**DATASET EXTRACT**

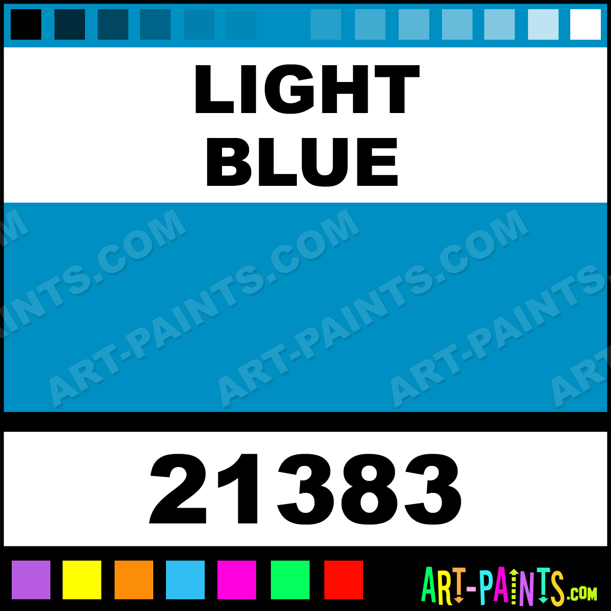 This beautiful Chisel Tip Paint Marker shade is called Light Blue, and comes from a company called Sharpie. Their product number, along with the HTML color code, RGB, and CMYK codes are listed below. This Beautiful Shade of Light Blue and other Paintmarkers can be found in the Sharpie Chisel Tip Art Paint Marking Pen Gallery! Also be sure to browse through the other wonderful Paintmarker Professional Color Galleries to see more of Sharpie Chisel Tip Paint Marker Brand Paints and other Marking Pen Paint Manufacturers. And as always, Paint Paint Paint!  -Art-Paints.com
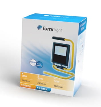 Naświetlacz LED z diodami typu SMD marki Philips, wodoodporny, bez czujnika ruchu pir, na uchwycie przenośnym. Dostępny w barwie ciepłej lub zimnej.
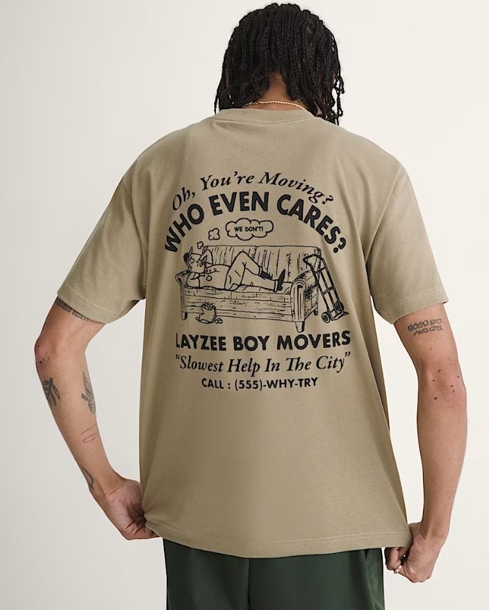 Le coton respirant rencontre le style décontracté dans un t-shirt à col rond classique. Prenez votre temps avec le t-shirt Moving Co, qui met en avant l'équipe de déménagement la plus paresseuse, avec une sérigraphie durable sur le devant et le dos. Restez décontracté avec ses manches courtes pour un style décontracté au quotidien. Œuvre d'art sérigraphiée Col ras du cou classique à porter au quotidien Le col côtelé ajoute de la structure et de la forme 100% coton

**PROBLEM TO WORK ON**
Only the pictures are to be omitted; restate everything else above exactly.

**RESULT FOR THIS EXERCISE**
 This beautiful Chisel Tip Paint Marker shade is called Light Blue, and comes from a company called Sharpie. Their product number, along with the HTML color code, RGB, and CMYK codes are listed below. This Beautiful Shade of Light Blue and other Paintmarkers can be found in the Sharpie Chisel Tip Art Paint Marking Pen Gallery! Also be sure to browse through the other wonderful Paintmarker Professional Color Galleries to see more of Sharpie Chisel Tip Paint Marker Brand Paints and other Marking Pen Paint Manufacturers. And as always, Paint Paint Paint!  -Art-Paints.com
 Naświetlacz LED z diodami typu SMD marki Philips, wodoodporny, bez czujnika ruchu pir, na uchwycie przenośnym. Dostępny w barwie ciepłej lub zimnej.
 Le coton respirant rencontre le style décontracté dans un t-shirt à col rond classique. Prenez votre temps avec le t-shirt Moving Co, qui met en avant l'équipe de déménagement la plus paresseuse, avec une sérigraphie durable sur le devant et le dos. Restez décontracté avec ses manches courtes pour un style décontracté au quotidien. Œuvre d'art sérigraphiée Col ras du cou classique à porter au quotidien Le col côtelé ajoute de la structure et de la forme 100% coton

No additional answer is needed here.